Recorded information »
--------------------------------
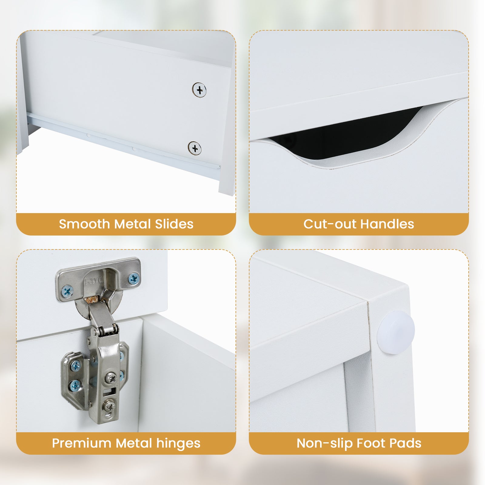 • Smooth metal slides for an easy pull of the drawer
--------------------------------
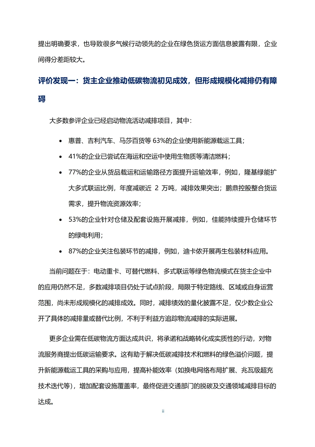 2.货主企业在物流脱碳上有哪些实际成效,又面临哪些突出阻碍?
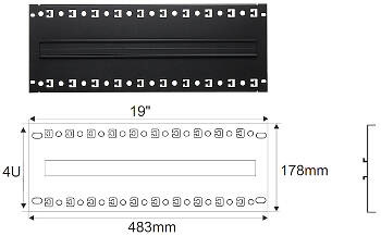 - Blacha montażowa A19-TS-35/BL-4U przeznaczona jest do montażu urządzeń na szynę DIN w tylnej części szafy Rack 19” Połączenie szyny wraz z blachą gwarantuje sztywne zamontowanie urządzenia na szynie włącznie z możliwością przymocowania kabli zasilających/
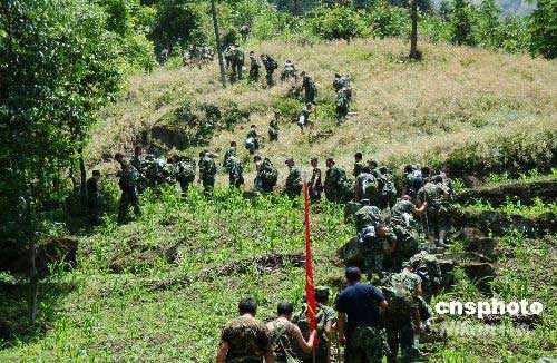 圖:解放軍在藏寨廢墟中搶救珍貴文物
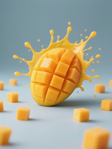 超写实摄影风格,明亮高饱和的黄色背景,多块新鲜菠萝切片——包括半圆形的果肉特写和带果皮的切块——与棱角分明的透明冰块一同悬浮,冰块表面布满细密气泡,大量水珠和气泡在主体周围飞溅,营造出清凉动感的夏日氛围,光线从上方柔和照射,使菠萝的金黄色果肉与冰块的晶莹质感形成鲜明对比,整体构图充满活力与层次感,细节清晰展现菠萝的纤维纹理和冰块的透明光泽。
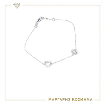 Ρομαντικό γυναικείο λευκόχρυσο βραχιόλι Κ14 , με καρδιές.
--------------------------------
Work instruction » Within the listing above, write out the stretch from the line with "2.货主企业在物流脱碳上有哪些实际成效,又面临哪些突出阻碍?" through the line with "Ρομαντικό γυναικείο λευκόχρυσο" exactly. Any pictures are to be left out.

Answer section »
 2.货主企业在物流脱碳上有哪些实际成效,又面临哪些突出阻碍?
 - Blacha montażowa A19-TS-35/BL-4U przeznaczona jest do montażu urządzeń na szynę DIN w tylnej części szafy Rack 19” Połączenie szyny wraz z blachą gwarantuje sztywne zamontowanie urządzenia na szynie włącznie z możliwością przymocowania kabli zasilających/
 圖:解放軍在藏寨廢墟中搶救珍貴文物
 超写实摄影风格,明亮高饱和的黄色背景,多块新鲜菠萝切片——包括半圆形的果肉特写和带果皮的切块——与棱角分明的透明冰块一同悬浮,冰块表面布满细密气泡,大量水珠和气泡在主体周围飞溅,营造出清凉动感的夏日氛围,光线从上方柔和照射,使菠萝的金黄色果肉与冰块的晶莹质感形成鲜明对比,整体构图充满活力与层次感,细节清晰展现菠萝的纤维纹理和冰块的透明光泽。
 Ρομαντικό γυναικείο λευκόχρυσο βραχιόλι Κ14 , με καρδιές.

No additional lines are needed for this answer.